$\newcommand{\scrF}{\mathcal{F}}$
Theorem: Let $\mu$ be a signed measure on $(\Omega, \mathcal{F})$. Then there exists $E^* \in \mathcal{F}$ and $E_* \in \mathcal{F}$ such that
$$
\mu(E^*) = \sup_{E \in \mathcal{F}} \mu(E) \text{ and } \mu(E_*) = \inf_{E \in \mathcal{F}} \mu(E).
$$
My issue is with the first step of the proof unfortunately, and I think it's fairly basic. We let $L = \sup_{E \in \mathcal{F}}\mu(E)$, then apparently there exists some sequence $(E_n)$ in $\mathcal{F}$ such that $\lim_{n\rightarrow \infty} \mu(E_n) = L$. But why do we know such a sequence exists? Sorry I'm sure it's basic I just don't see it, thanks in advance.
Edit: Aparently this follows from basic properties of liminf and limsup, but I still don't see it? If you think there should be more context/ information please let me know! I know there is no assumption that $\mu$ is $\sigma$-finite.

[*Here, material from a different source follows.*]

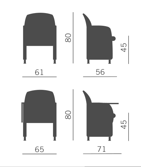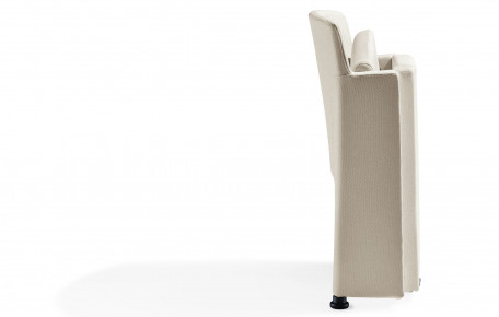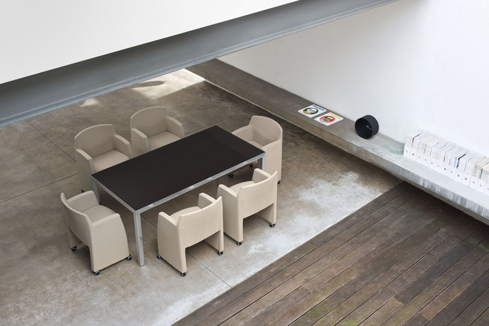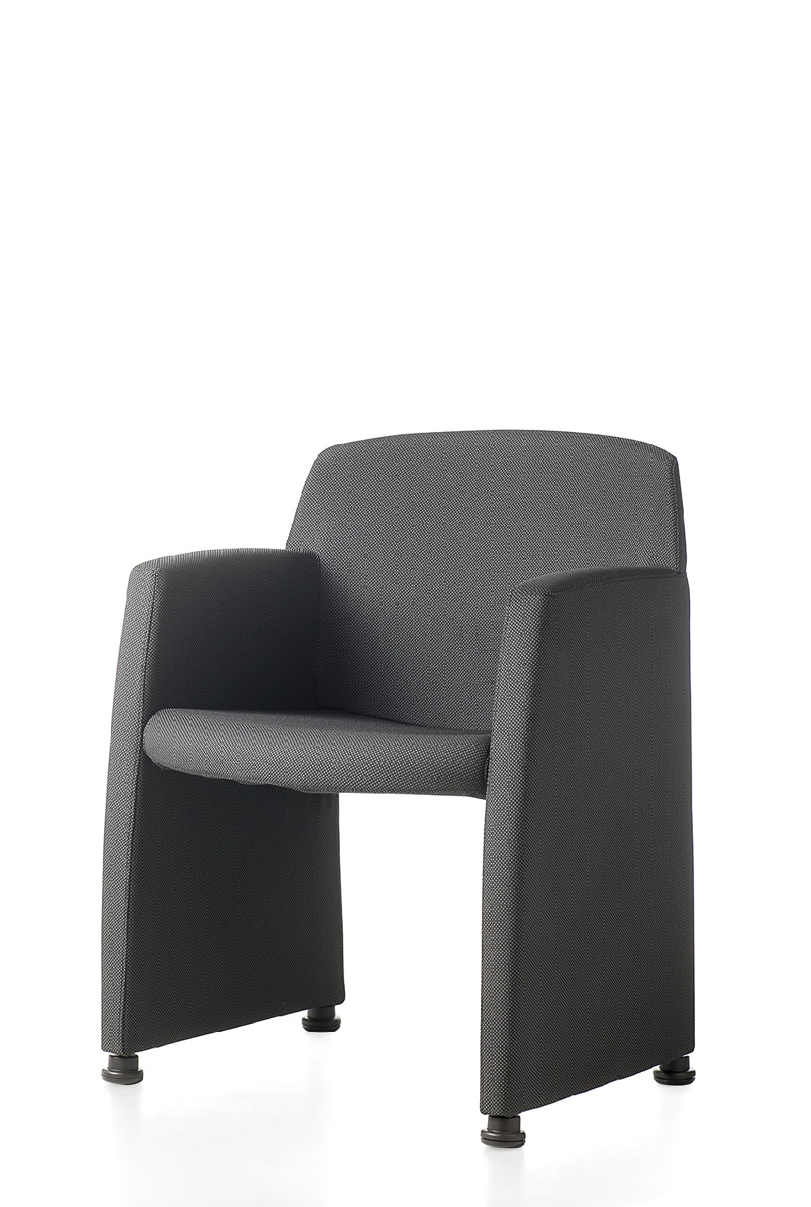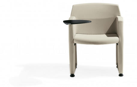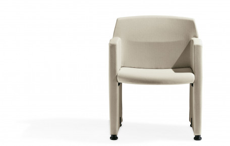Polyfunctional armchair with fixed or pliable side arms suitable for meeting and conference rooms.

Edit 2: Maybe some definitions:
Definition: We say a function $\mu:\scrF \rightarrow (-\infty,\infty]$ is a signed measure on $\scrF$ satisfying $\mu(\varnothing) = 0$ and for any sequence of disjoint sets $(E_n) \in \scrF$ we have that
$$
\mu \left( \bigcup_{n=1}^\infty E_n\right)= \sum_{n=1}^\infty \mu(E_n).
$$
So I'm wondering if this is just a supremum and infimum situation? Because I guess we can just say that $S = \{\mu(A) : A \in \scrF \}$, this is a set of real numbers and we know by the axiom of completeness that $\sup S$ exists so $\sup_{E \in \scrF} \mu(E) = \sup S$ exists? I know that if we have some arbitrary set $B \subseteq \mathbb{R}$ that there is a sequence in $\mathbb{R}$ converging to the supremum, but in this case directly applying this would give me a sequence not necessarily in the sigma-field $\scrF$ right? Am I just overthinking this?
Best Answer
The issue has nothing to do with measure theory. It is just about $\sup$ in $\mathbb{R}$.
What you need, is to be precise by what you mean by \begin{equation*} a = \sup S, \end{equation*} where $S \subset \mathbb{R}$. To me, it means that no element in $S$ is bigger then $a$; and also, that for any $n \in \mathbb{N}^*$, there is $s_n \in S$ such that \begin{equation*} a - \frac{1}{n} \leq s_n \leq a. \end{equation*} But this implies that $s_n \rightarrow a$.
In your case, each $s_n$ is of the form $s_n = \mu(E_n)$ for some $E_n \in \mathcal{F}$.